*** Opening EXERCISE MATERIAL ***
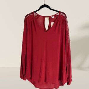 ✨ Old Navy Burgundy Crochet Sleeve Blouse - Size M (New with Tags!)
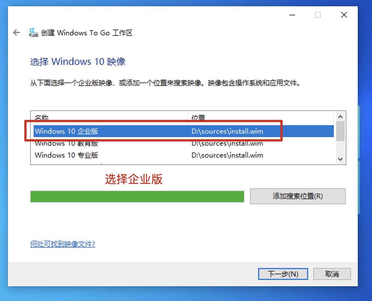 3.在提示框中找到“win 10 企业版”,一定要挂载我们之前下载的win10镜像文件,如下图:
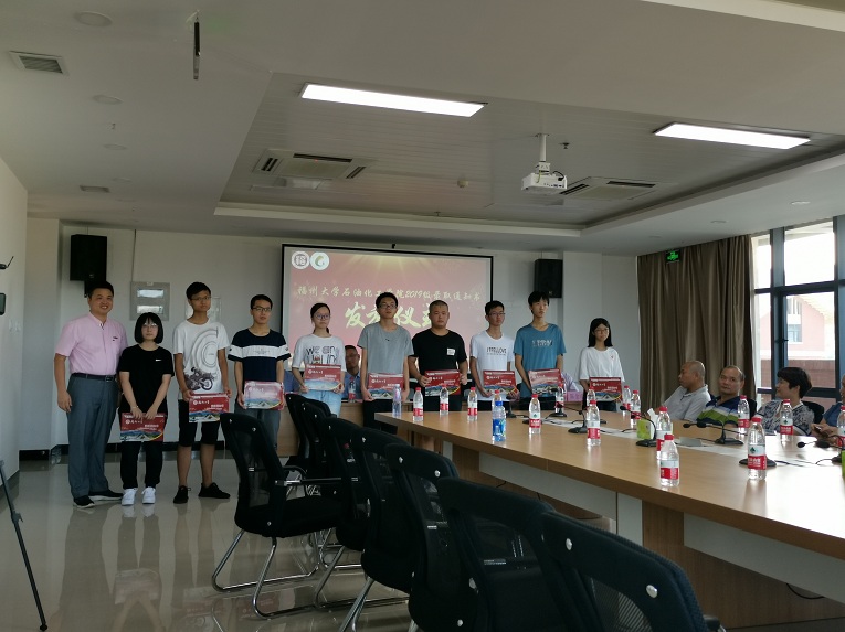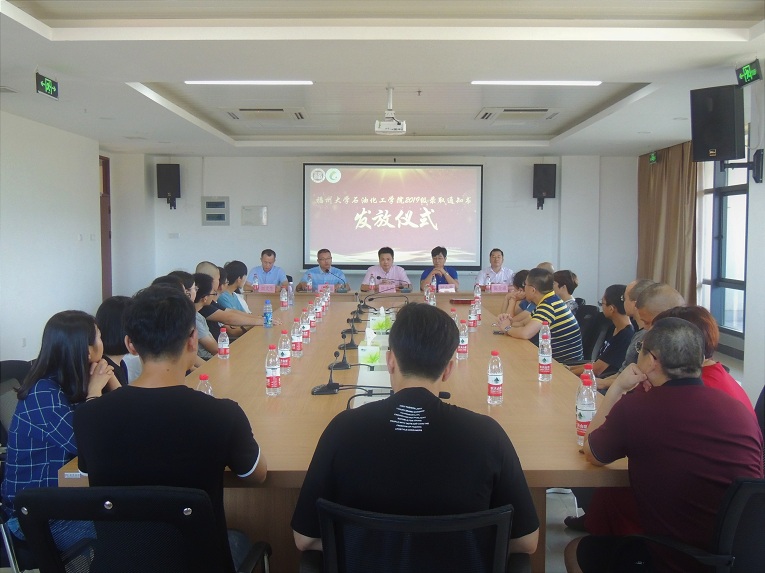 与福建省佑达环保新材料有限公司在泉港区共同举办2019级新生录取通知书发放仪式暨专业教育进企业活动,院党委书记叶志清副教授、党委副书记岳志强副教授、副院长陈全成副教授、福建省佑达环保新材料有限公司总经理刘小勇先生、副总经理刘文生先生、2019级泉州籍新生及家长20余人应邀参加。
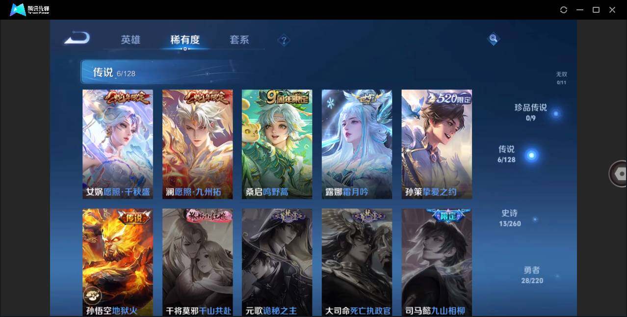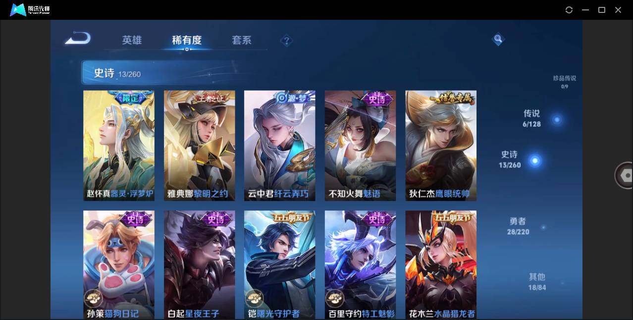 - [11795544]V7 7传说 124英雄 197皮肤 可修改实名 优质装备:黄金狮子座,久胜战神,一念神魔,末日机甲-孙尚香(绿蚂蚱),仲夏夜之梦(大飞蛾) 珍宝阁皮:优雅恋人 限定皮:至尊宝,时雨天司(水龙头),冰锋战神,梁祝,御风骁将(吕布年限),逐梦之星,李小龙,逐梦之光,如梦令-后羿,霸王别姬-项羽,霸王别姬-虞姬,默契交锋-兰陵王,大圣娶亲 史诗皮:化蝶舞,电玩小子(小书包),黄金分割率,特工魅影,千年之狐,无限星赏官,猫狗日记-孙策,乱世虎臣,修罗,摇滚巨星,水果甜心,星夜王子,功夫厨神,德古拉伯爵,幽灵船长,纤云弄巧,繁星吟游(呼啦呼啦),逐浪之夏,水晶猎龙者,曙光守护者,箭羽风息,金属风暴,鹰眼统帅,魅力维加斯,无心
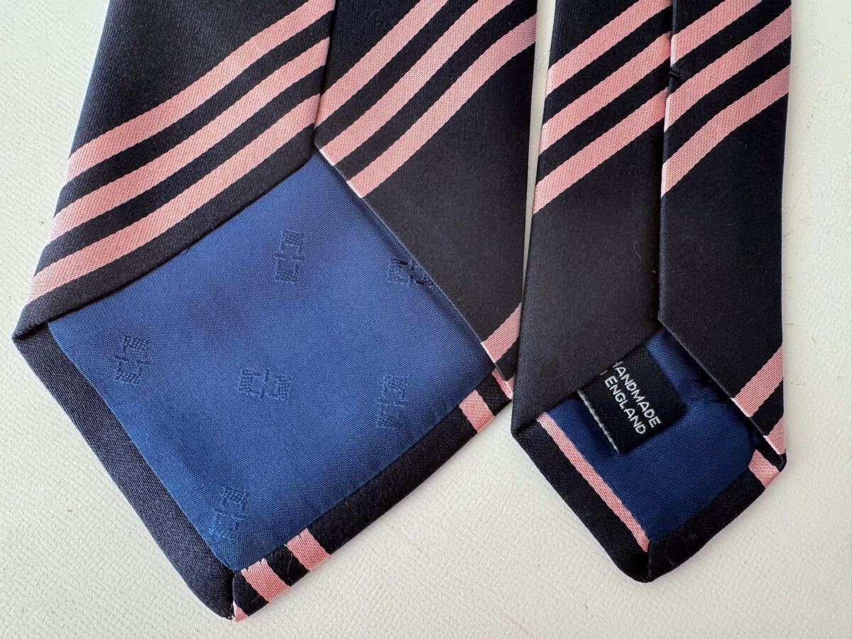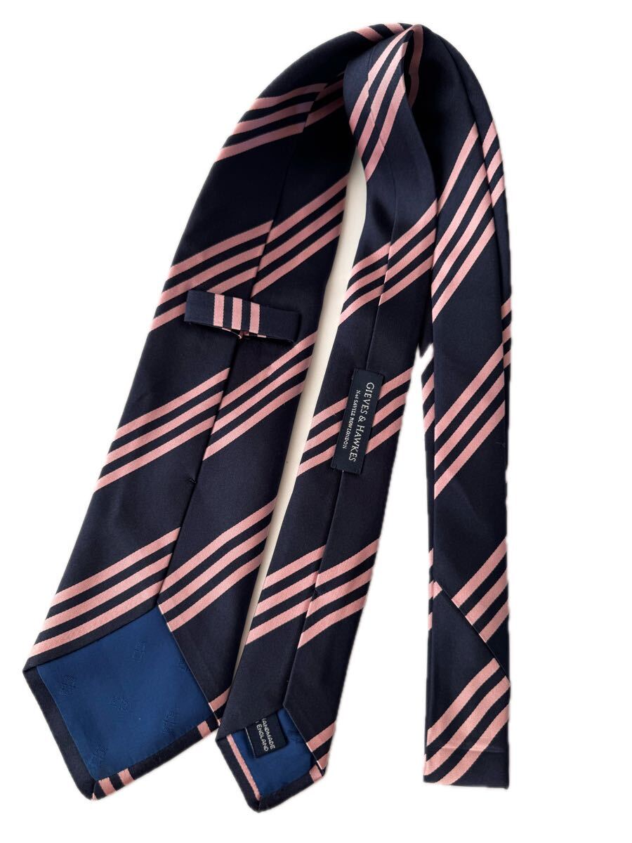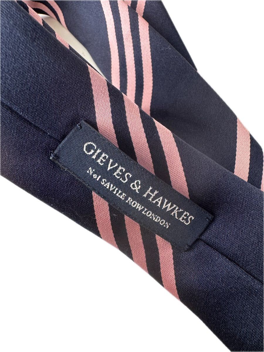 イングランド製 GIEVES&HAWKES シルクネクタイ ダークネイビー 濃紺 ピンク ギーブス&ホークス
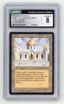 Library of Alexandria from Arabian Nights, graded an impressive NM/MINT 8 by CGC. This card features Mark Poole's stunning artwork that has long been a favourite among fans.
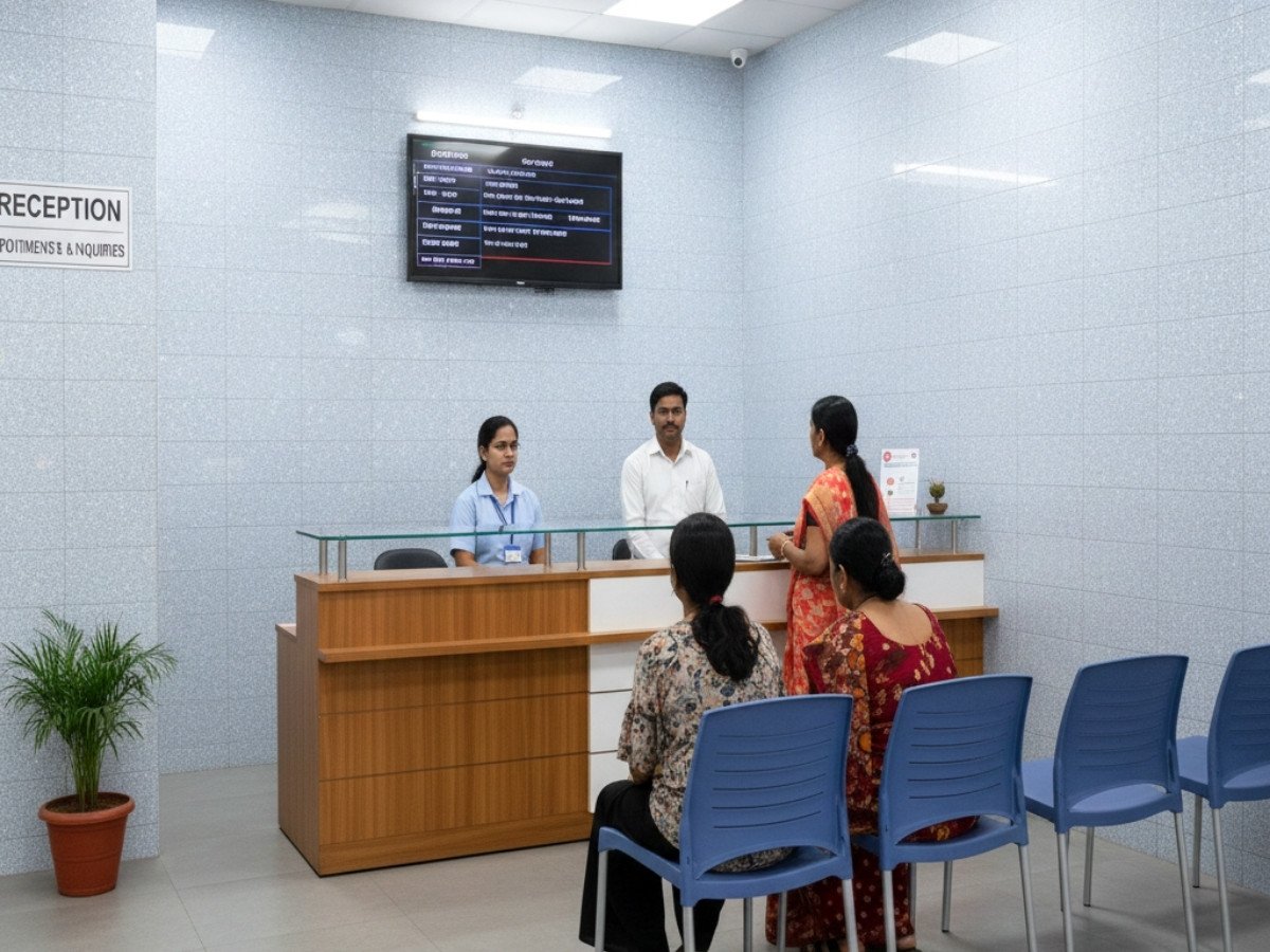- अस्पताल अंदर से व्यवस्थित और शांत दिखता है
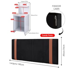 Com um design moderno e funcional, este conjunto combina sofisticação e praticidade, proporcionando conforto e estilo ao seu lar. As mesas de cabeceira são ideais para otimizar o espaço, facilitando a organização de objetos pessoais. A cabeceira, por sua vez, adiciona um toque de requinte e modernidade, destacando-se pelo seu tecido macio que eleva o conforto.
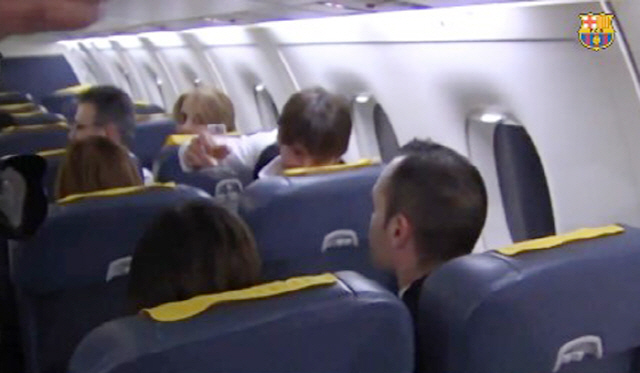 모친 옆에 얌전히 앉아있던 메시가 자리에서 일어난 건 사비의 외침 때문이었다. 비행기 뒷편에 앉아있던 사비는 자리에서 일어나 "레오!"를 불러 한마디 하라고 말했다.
*** Closing EXERCISE MATERIAL ***
Leave every picture out and write out, word for word, the lines from the one that contains "Library of Alexandria" through the last line of the records.

 Library of Alexandria from Arabian Nights, graded an impressive NM/MINT 8 by CGC. This card features Mark Poole's stunning artwork that has long been a favourite among fans.
- अस्पताल अंदर से व्यवस्थित और शांत दिखता है
 Com um design moderno e funcional, este conjunto combina sofisticação e praticidade, proporcionando conforto e estilo ao seu lar. As mesas de cabeceira são ideais para otimizar o espaço, facilitando a organização de objetos pessoais. A cabeceira, por sua vez, adiciona um toque de requinte e modernidade, destacando-se pelo seu tecido macio que eleva o conforto.
 모친 옆에 얌전히 앉아있던 메시가 자리에서 일어난 건 사비의 외침 때문이었다. 비행기 뒷편에 앉아있던 사비는 자리에서 일어나 "레오!"를 불러 한마디 하라고 말했다.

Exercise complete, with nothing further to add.